Alors que le Conseil constitutionnel a validé la possibilité de réintroduire par dérogation deux néonicotinoïdes, la CGB (betteraviers, FNSEA) a exigé de pouvoir utiliser l’un d’eux, le flupyradifurone, en enrobage de semences « dès les semis 2027 ». D’après un communiqué, « cette campagne 2026 est marquée par un déficit hydrique important et des fortes chaleurs », des conditions qui « accentuent la dégradation des betteraves » par la jaunisse (via les pucerons) et par le champignon Rhizopus (via les charançons). Le syndicat appelle donc à mettre en œuvre la dérogation « dans les plus brefs délais » : promulgation de la loi par le président de la République, puis « saisine officielle » de l’Anses par le ministère de l’Agriculture ; l’agence sanitaire aura ensuite deux mois pour rendre son avis, sachant qu’une non-réponse vaudra refus.

De son côté, l’association Générations futures « se prépare à aller en justice dans le cas où ces dérogations seraient effectivement accordées ». « Nous ne sommes pas résignés », martèle Pauline Cervan, toxicologue chez l’ONG, citée dans un communiqué. « La dérogation à l’interdiction n’est pas encore accordée, tout est dans les mains de l’Anses à présent. » Or, « nous voyons mal comment l’Anses pourrait donner son accord, estime-t-elle, considérant le délai très restreint de deux mois d’évaluation et les multiples risques identifiés suite à l’usage de ces substances ». L’association met en avant des « risques pour les abeilles solitaires et les eaux souterraines pour le flupyradifurone », ainsi que « des risques pour les abeilles et les oiseaux pour l’acétamipride ». Par ailleurs, Générations futures considère que le Conseil constitutionnel « ne clarifie pas » la procédure à suivre pour la dérogation. Les Sages n’ont pas tranché entre les deux voies possibles, qui sont aux mains d’autorités différentes : autorisation de mise sur le marché (délivrée par l’Anses) ou « dérogation 120 jours » (accordée par le ministère de l’Agriculture).

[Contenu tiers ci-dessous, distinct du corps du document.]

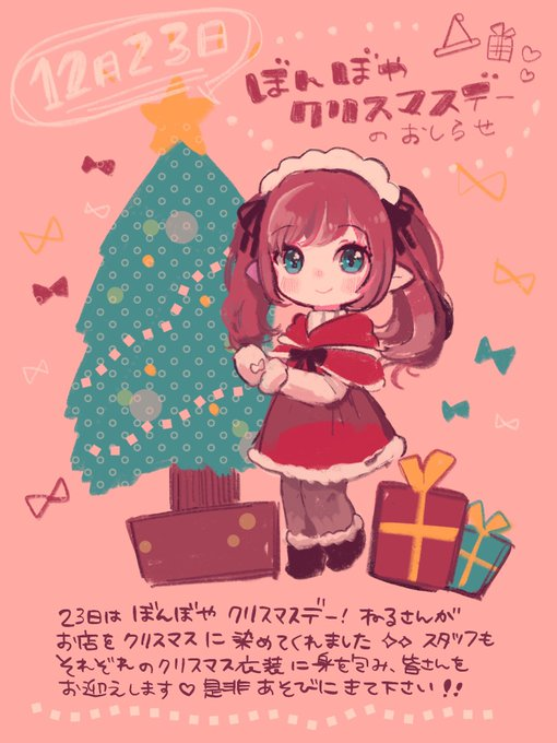 23日はぼんぼやクリスマスデー!🥳のおしらせ✨クリスマス仕様の内装・お洋服でお迎えします🎁🎅💕是非お手持ちのクリスマス衣装で一緒に冒険や記念撮影をしましょう📷☀️(にがおえ屋・お弁当販売などは通常通り営業します!+でのわさんの特別イベントもあるよ!)
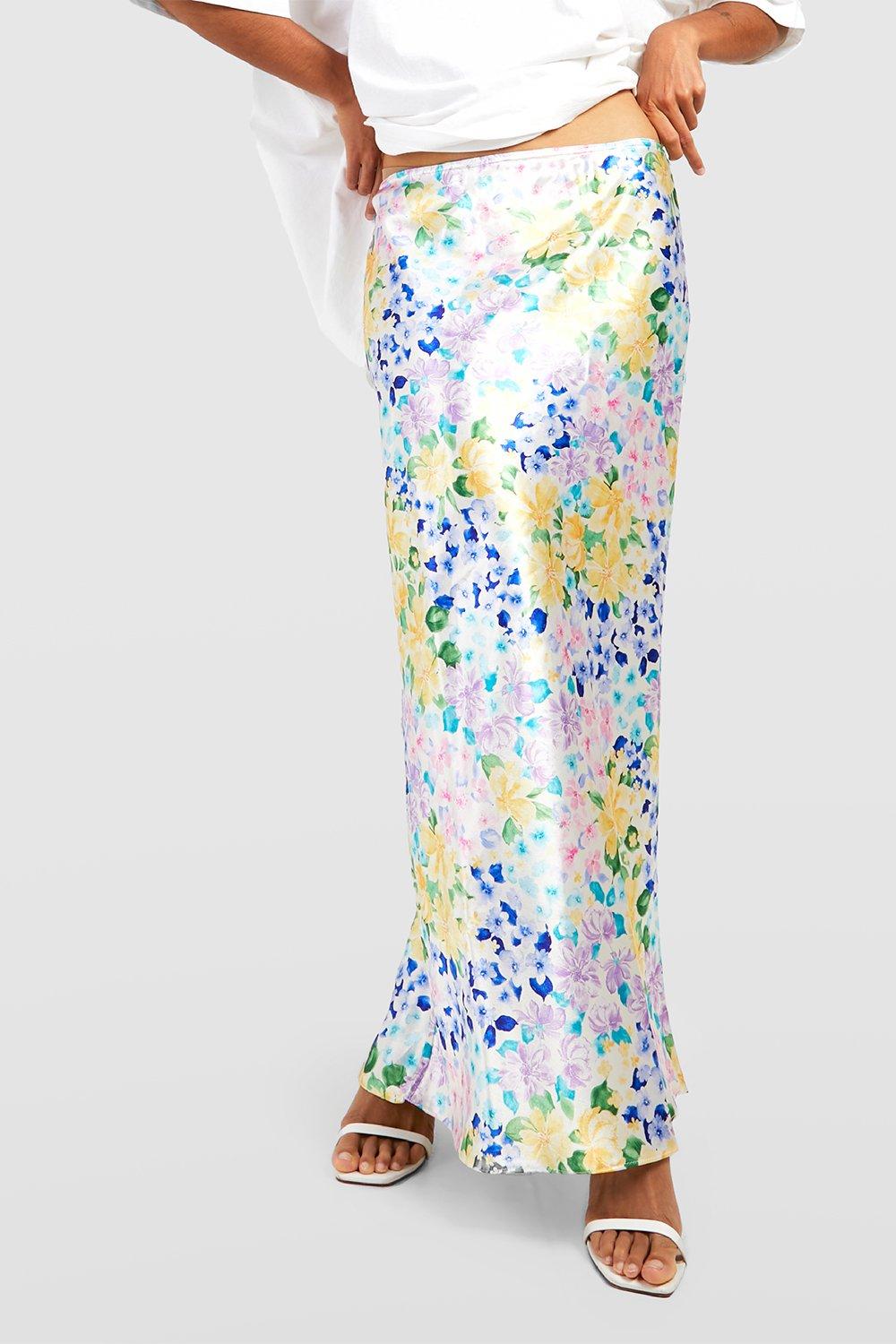 Women s Satin Multi Floral Print Midaxi Skirt Boohoo UK Very well made.

Une PPL d’abrogation le 29 octobre

Du côté des politiques, le groupe LFI va mettre à l’agenda de sa « niche » parlementaire du 29 octobre une proposition de loi (PPL) visant à abroger la réintroduction sous conditions de l’acétamipride et du flupyradifurone, a annoncé sa présidente Mathilde Panot le 19 août. Une mesure également évoquée dans une tribune parue le même jour. « Nous utiliserons notre niche parlementaire pour abroger cette loi poison. […] L’année dernière, 2,2 millions de personnes avaient signé une pétition contre la réintroduction des néonicotinoïdes. L’Ordre des médecins, plusieurs sociétés savantes ont dit qu’il ne fallait pas reproduire le scandale, notamment du chlordécone et de l’amiante », a-t-elle défendu sur France Inter.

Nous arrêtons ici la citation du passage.